TO DO:
Please copy the lines below, exactly as they are, from the one with "BYBIEHL PEARL SIGNATURE" through the one with "Drei Slipboxer mit", and leave out the pictures.

TASK INPUT:

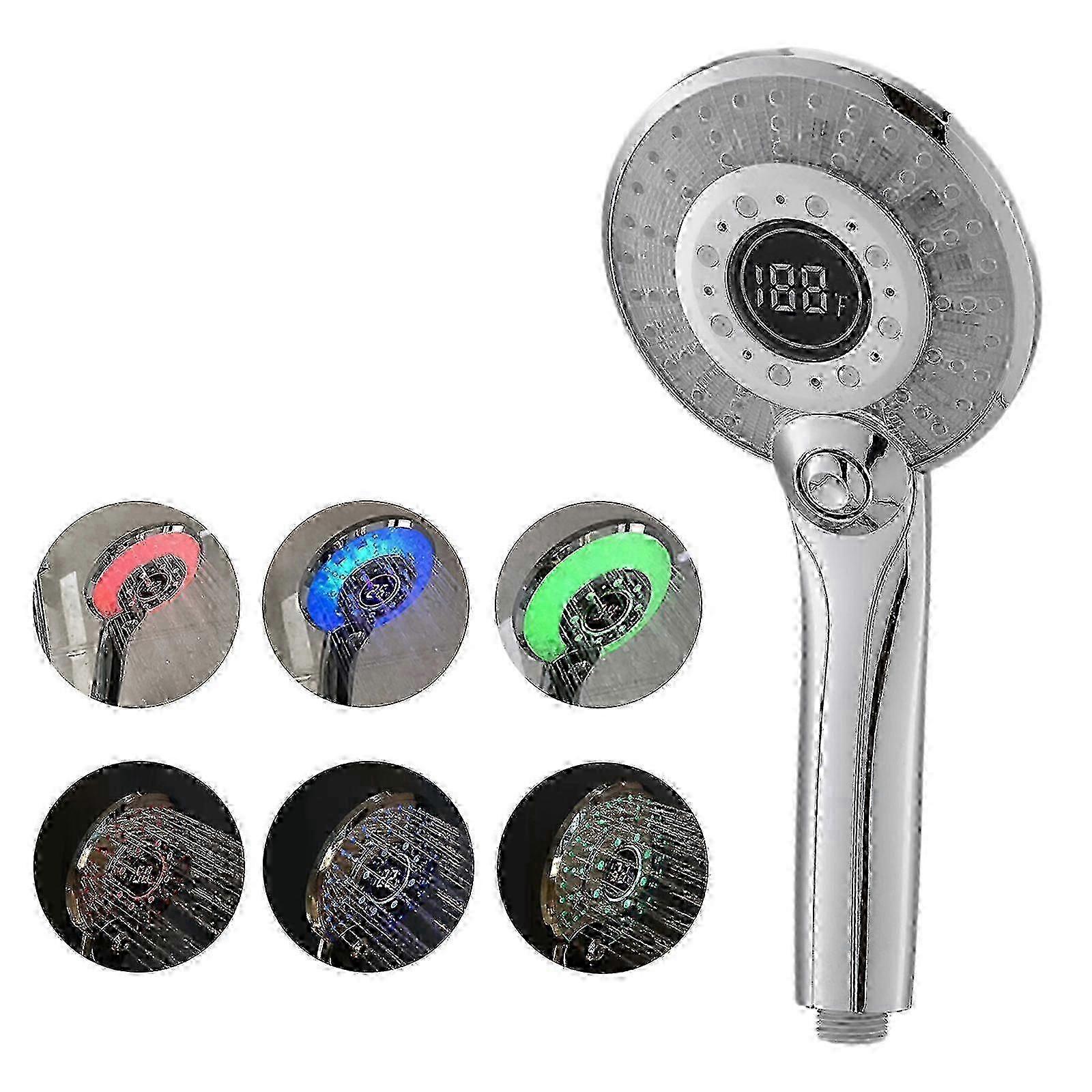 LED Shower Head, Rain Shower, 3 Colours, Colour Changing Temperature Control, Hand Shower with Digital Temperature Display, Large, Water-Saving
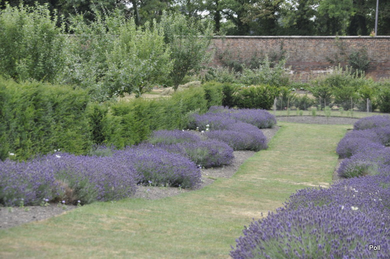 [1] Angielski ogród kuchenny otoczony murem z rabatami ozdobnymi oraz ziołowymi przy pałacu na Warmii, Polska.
---
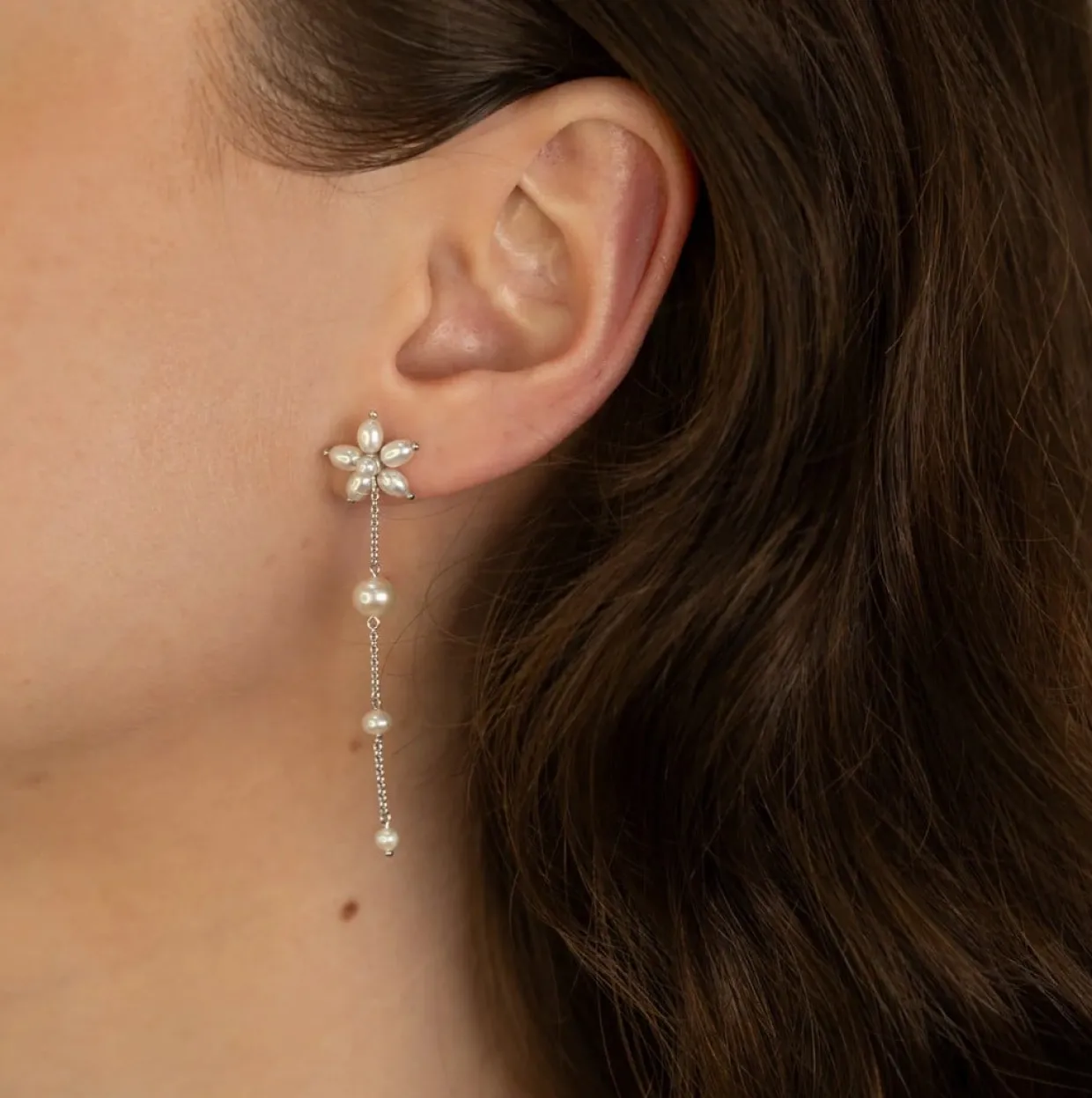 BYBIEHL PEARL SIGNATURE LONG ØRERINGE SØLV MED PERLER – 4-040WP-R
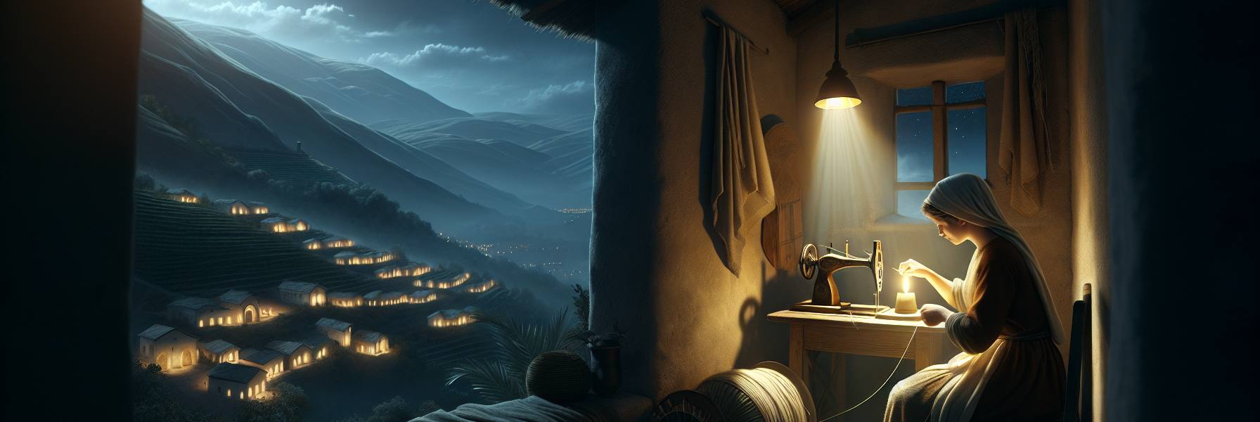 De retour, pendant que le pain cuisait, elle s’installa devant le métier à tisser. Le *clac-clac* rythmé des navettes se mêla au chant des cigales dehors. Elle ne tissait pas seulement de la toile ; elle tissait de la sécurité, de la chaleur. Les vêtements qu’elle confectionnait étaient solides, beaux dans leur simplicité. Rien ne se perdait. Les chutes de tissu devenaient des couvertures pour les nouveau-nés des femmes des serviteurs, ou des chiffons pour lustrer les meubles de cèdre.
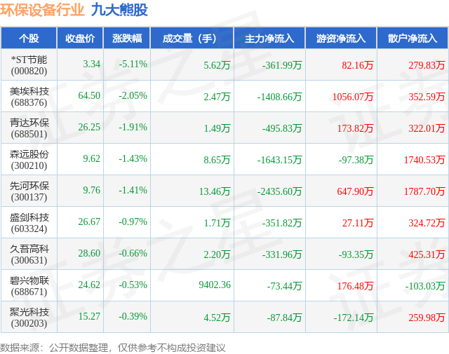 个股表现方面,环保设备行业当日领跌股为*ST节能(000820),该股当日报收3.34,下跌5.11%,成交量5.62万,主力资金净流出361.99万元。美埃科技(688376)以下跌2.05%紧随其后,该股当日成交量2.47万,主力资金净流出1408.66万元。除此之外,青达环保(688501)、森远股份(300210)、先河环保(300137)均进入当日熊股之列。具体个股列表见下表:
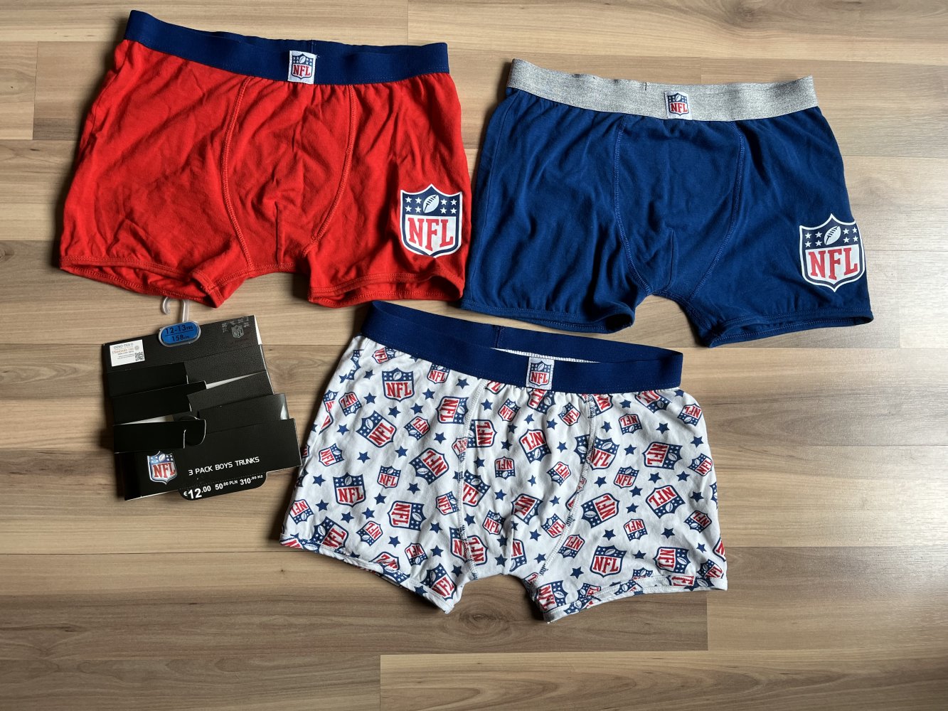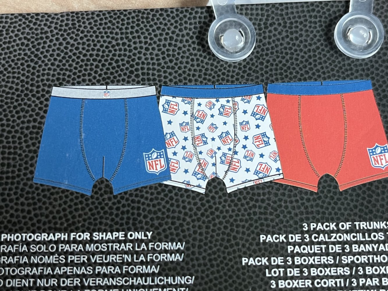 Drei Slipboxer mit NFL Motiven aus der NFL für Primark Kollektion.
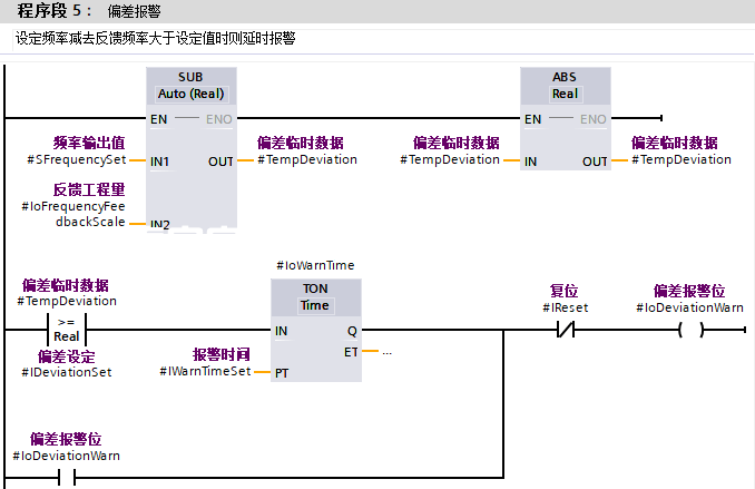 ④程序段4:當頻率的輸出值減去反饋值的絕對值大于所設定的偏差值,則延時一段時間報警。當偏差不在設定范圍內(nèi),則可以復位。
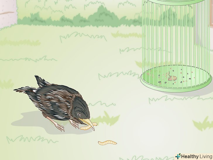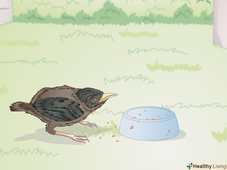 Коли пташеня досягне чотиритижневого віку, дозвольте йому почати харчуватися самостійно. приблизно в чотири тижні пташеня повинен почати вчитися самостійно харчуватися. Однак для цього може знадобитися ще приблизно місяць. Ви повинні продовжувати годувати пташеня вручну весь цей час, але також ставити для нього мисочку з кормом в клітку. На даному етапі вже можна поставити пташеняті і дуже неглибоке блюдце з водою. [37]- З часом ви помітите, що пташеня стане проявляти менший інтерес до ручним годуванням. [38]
--
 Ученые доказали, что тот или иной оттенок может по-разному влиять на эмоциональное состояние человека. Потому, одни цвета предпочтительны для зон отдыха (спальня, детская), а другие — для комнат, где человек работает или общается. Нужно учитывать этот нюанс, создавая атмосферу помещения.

WRITTEN ANSWER:
 BYBIEHL PEARL SIGNATURE LONG ØRERINGE SØLV MED PERLER – 4-040WP-R
 De retour, pendant que le pain cuisait, elle s’installa devant le métier à tisser. Le *clac-clac* rythmé des navettes se mêla au chant des cigales dehors. Elle ne tissait pas seulement de la toile ; elle tissait de la sécurité, de la chaleur. Les vêtements qu’elle confectionnait étaient solides, beaux dans leur simplicité. Rien ne se perdait. Les chutes de tissu devenaient des couvertures pour les nouveau-nés des femmes des serviteurs, ou des chiffons pour lustrer les meubles de cèdre.
 个股表现方面,环保设备行业当日领跌股为*ST节能(000820),该股当日报收3.34,下跌5.11%,成交量5.62万,主力资金净流出361.99万元。美埃科技(688376)以下跌2.05%紧随其后,该股当日成交量2.47万,主力资金净流出1408.66万元。除此之外,青达环保(688501)、森远股份(300210)、先河环保(300137)均进入当日熊股之列。具体个股列表见下表:
 Drei Slipboxer mit NFL Motiven aus der NFL für Primark Kollektion.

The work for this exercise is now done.